A second approach to creating a reusable resin distribution line is presented in Publ. Pat. Appl. US 2007/0063393. This reference discloses a VARTM process wherein a flow channel is created on the top face of the fiber preform to accelerate resin flow and reduce resin injection time. According to the reference, the channel is created by lifting the soft tool via a pressure differential.
With reference to FIG. 3, which depicts the apparatus disclosed in US 2007/0063393, apparatus 300 includes hard tool 302 and soft tool 312, with fiber preform 308 disposed therebetween. Primary vacuum line 318 is operable to evacuate air from fiber perform 308 “under” soft tool 312. Unique to this process, hard shell 320 is disposed over soft tool 312. Secondary vacuum line 328 is capable of drawing a vacuum in region 326 between shell 320 and soft tool 312. Resin inlet line 316 delivers resin to high permeability channel 332.
In operation, pressure is reduced beneath soft tool 312 via primary vacuum line 318. This draws the soft tool against fiber preform 308, which compacts the fiber preform. While the region beneath soft tool 312 is maintained under reduced pressure, region 326 above the soft tool is reduced to an even lower pressure via secondary vacuum line 328. This causes soft tool 312 to stretch away from the top of fiber preform 308 creating flow channel 314, as depicted in FIG. 3.
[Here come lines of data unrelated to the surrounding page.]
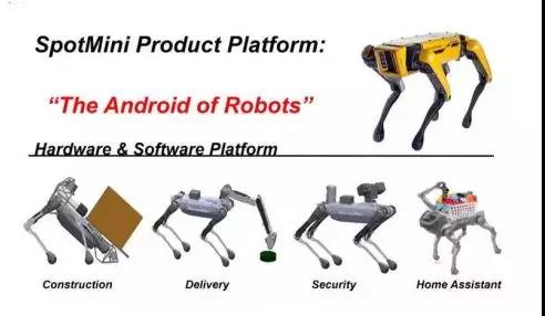 波士頓動(dòng)力在提出商業(yè)化計(jì)劃的同時(shí),也提出了一個(gè)更大膽的想法,其CEO Raibert 希望打造一個(gè)類(lèi)似iOS和安卓操作系統(tǒng)的通用平臺(tái)。用戶會(huì)得到一個(gè)基本款的SpotMini,再與波士頓動(dòng)力或第三方一起構(gòu)建硬件和軟件,例如手臂及其他組件等,從而無(wú)限拓展SpotMini的功能和應(yīng)用。例如SpotMini機(jī)器臂使用的擴(kuò)展端口支持第三方設(shè)計(jì)和生產(chǎn)的附加工具,用戶可安裝攝像頭、傳感器等等,這樣按照客戶需求生產(chǎn)的SpotMini可以應(yīng)用在不同領(lǐng)域,面向廣大市場(chǎng)更加具有實(shí)用性。
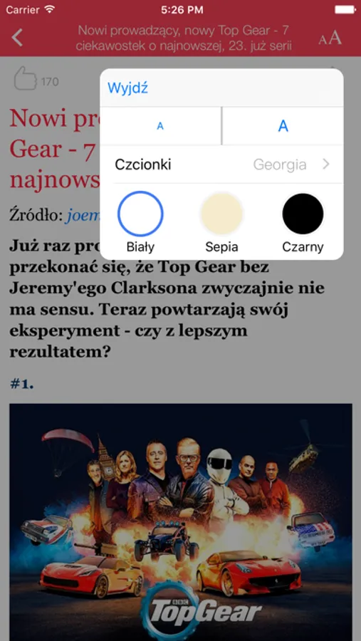 Jeśli serwis internetowy daje taką możliwość, to aplikacja wyświetla komentarze dla danego artykułu.
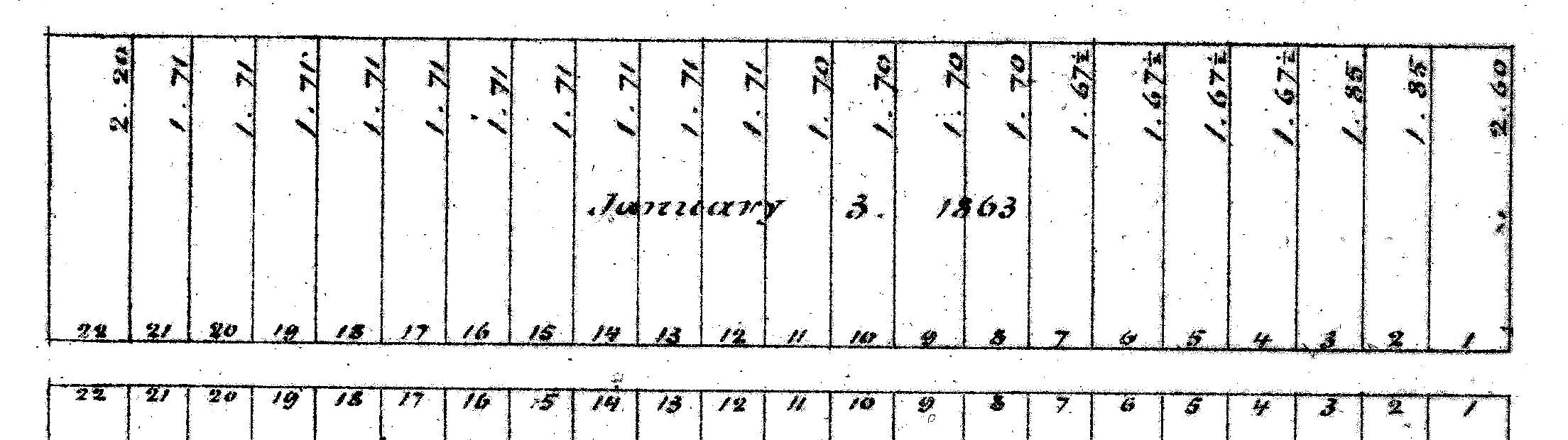 Excerpt from plan of land sales through 1879, showing price paid per s.f.; 1879 Harbor and Land Commissioners Report
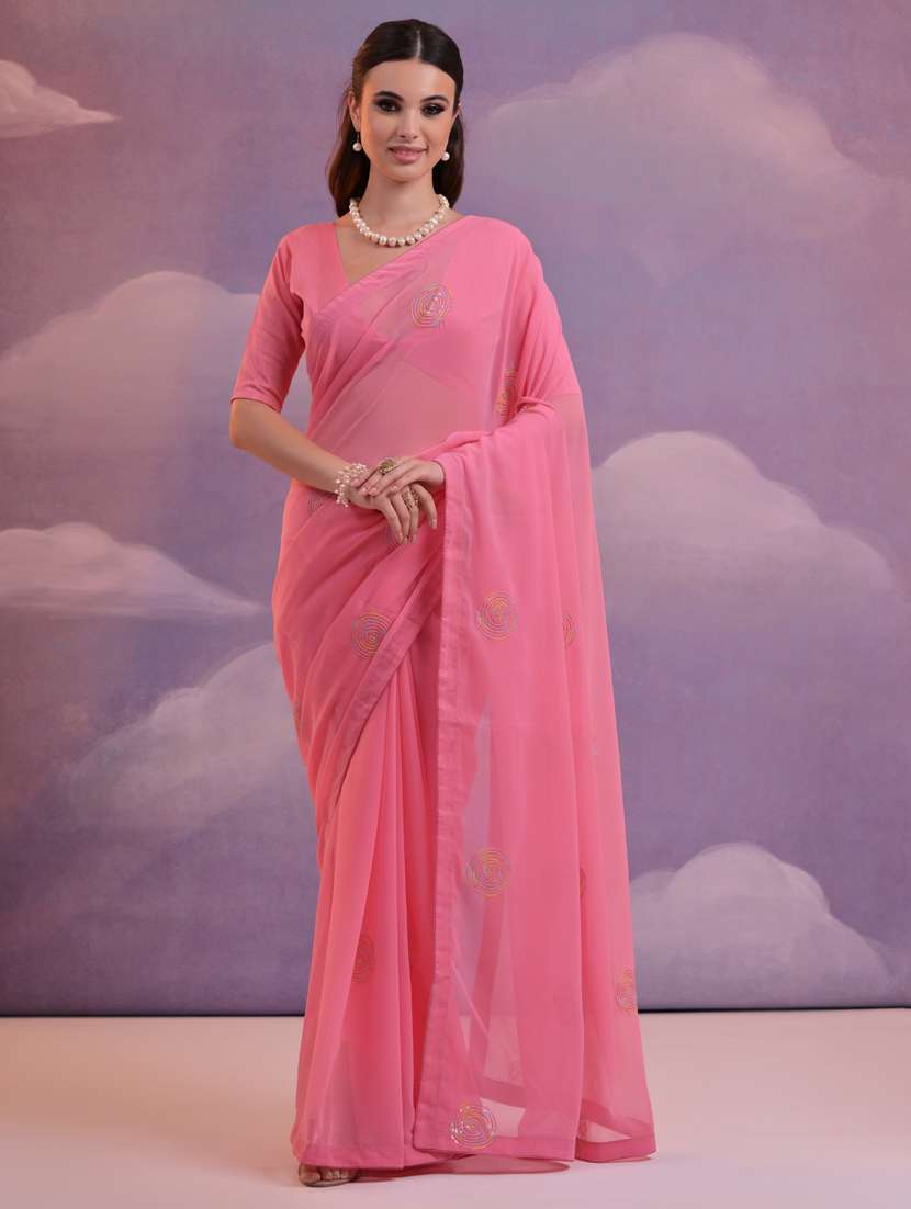 - » women pink sequin work embroidered saree

Resin is delivered, through resin inlet line(s) 316, to high-permeability region 332. Resin preferentially flows from the high-permeabilty region to flow channel 314 since fiber preform 308 presents a much greater resistance to flow. After the requisite amount of resin is delivered to flow channel 314, region 326 above soft tool 312 is pressurized to atmospheric pressure. The positive pressure in region 326 compresses soft tool 312 against fiber preform 308, which drives the resin into the fiber preform.
The process and apparatus disclosed in US 2007/0063393 avoids the use of conventional single-use resin distribution line(s) and resin distribution medium by forming flow channel 314. The approach taken is, however, quite problematic in terms of workpiece quality (freedom from voids and dry spots), fiber volume fraction, and complexity. As to workpiece quality, the vacuum above soft tool 312 must be stronger than the vacuum under the soft tool (to lift the soft tool to create the flow channel). Since, by definition, a vacuum greater than 1 atmosphere cannot be created, there will necessarily be some partial pressure of air beneath the soft tool in fiber preform 308. For VARTM, the highest workpiece quality (i.e., lowest void content) results when using the highest vacuum possible within the fiber preform. This leaves a minimum amount of residual air in the fiber preform. Residual air can, especially if trapped by complex geometry, lead to voids in the finished part. In extreme cases, the residual air can collect in “dead regions” (regions unconnected to the vacuum port), which can result in “dry” (resin-less) regions in the fiber preform.
US 2007/0063393 even discloses that the fiber volume fraction will be low because of the lack of compaction on the fiber preform. Some mitigation measures are discussed, but ultimately, fiber volume fraction may, in many cases, be lower than desired. Furthermore, the shell (i.e., FIG. 3: shell 320) that is required must support internal vacuum; in other words, a net external pressure of about 14.7 psi. When manufacturing large composite parts, this pressure-supporting shell will necessarily be quite massive and expensive. And, for complex-shaped parts, forming the shell, especially a large one, can be very difficult.
The art would therefore benefit from a molding process that addresses the problem of single-use resin distribution lines but avoids the drawbacks of the solutions heretofore presented.